# ...있까 싶어



## idialegre

In the following passage,

집도 없고 사람도 살지 않는 그런 별에 가로등과 불 켜는 사람이 굳이 필요가 있을까 싶어 어린 왕자는 이해가 되지 않았다. 


I don't understand the grammatical function of 싶어. Is Verb - 을까 싶다 the basic structure? I would be grateful for any explanations!


----------



## kenjoluma

싶다 = "to think, to want, to wish..."

"필요가 있다" there is necessity
"필요가 있을까" is there necessity?

"필요가 있을까 싶다"
He thinks, "is there necessity?"

---------------

싶어 = 싶어서

싶어서 = 싶다. 그래서...
---------------

I tried to make it as simple as possible. Hopefully someone below will expand on it.


----------



## Kross

있을까 싶다 is a combined word that comes from 있다 and 싶다. Altogether that functions as a new verb. I think you can consider it a counterpart of "(I) want to see (you)" in English. According to 국립국어원, The primary verb of 있을까 싶다. is 있다. 싶다 acting as a secondary verb adds a negative meaning to the primary verb. In your example, the speaker doesn't think that there should necessarily be a person to turn on and off street lights and lights on the unmanned planet. 

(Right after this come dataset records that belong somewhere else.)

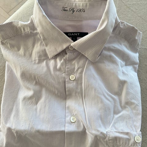 2 langermet bomulls skjorter. En burgunder og en flerfarget grønn/gul/ hvit , og en beige bukse i merke Gant selges.
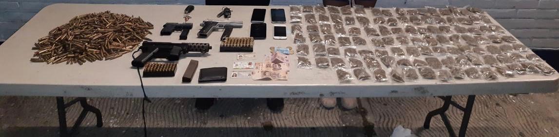 Se les encontró tres armas de fuego, 997 cartuchos, 110 bolsas de marihuana, cuatro celulares, dinero en efectivo y se les aseguró un vehículo.
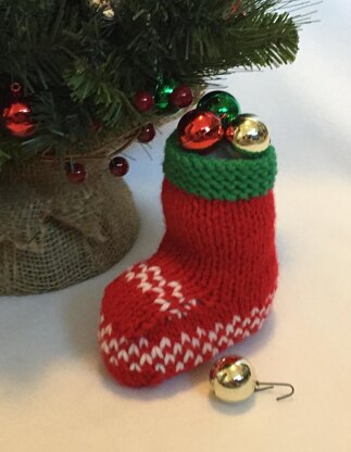A European style boot, measuring about 5 by 5. Great to fill with candy, mints, or small toys. Make two to fit toddlers as slippers! The pattern is fairly easy, so you should be able to knit up lots of these for Holiday gift giving! Uses worsted weight yarns, knitting needles, US # 7.

(source: https://twitter.com/urimal365/status/484877624779370496 )


----------



## idialegre

Thanks to both of you. The meaning of the passage was clear enough to me, but I had never seen 싶다 used outside of the pattern Verb -고 싶다 (or Verb -고 싶어 하다.) I had no idea it could be used in other constructions.

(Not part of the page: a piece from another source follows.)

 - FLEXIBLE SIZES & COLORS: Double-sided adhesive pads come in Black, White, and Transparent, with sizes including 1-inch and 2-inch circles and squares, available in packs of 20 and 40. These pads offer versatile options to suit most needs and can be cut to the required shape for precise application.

As long as I'm asking about 싶다 and 싶어 하다, I have one more question: according to at least one of my Korean instruction books, one can use 싶다 for 1st and 2nd person subjects, but for 3rd person it should always be 싶어 하다, unless, for example, one is writing a book and is therefore , as an author, omniscient about the feelings and thoughts of all the characters. But it seems to me that I have heard and read 싶다 with the 3rd person many times. Has this rule gone out of style? Or was it wrong in the first place?


----------



## Kross

idialegre said:


> But it seems to me that I have heard and read 싶다 with the 3rd person many times. Has this rule gone out of style? Or was it wrong in the first place?


 The rule seems to be still good at least to me. I cannot think of exceptions right now. Can you show some of examples you have seen 싶다 with the 3rd party from?


----------



## mille gateaux

Hi, 
In this context, 싶다 has nothing to do with a meaning of wanting.
"certain phrase + 싶어..." means "thinking certain phrase"


----------



## idialegre

Kross said:


> The rule seems to be still good at least to me. I cannot think of exceptions right now. Can you show some of examples you have seen 싶다 with the 3rd party from?



Actually, I had a Korean textbook that simply didn't bother with the distinction. Perhaps it was saved for a later chapter. Anyway, thank you for answering my question!


----------



## idialegre

mille gateaux said:


> Hi,
> In this context, 싶다 has nothing to do with a meaning of wanting.
> "certain phrase + 싶어..." means "thinking certain phrase"



Thank you, mille gateaux. I never knew that 싶다 had this other meaning.


----------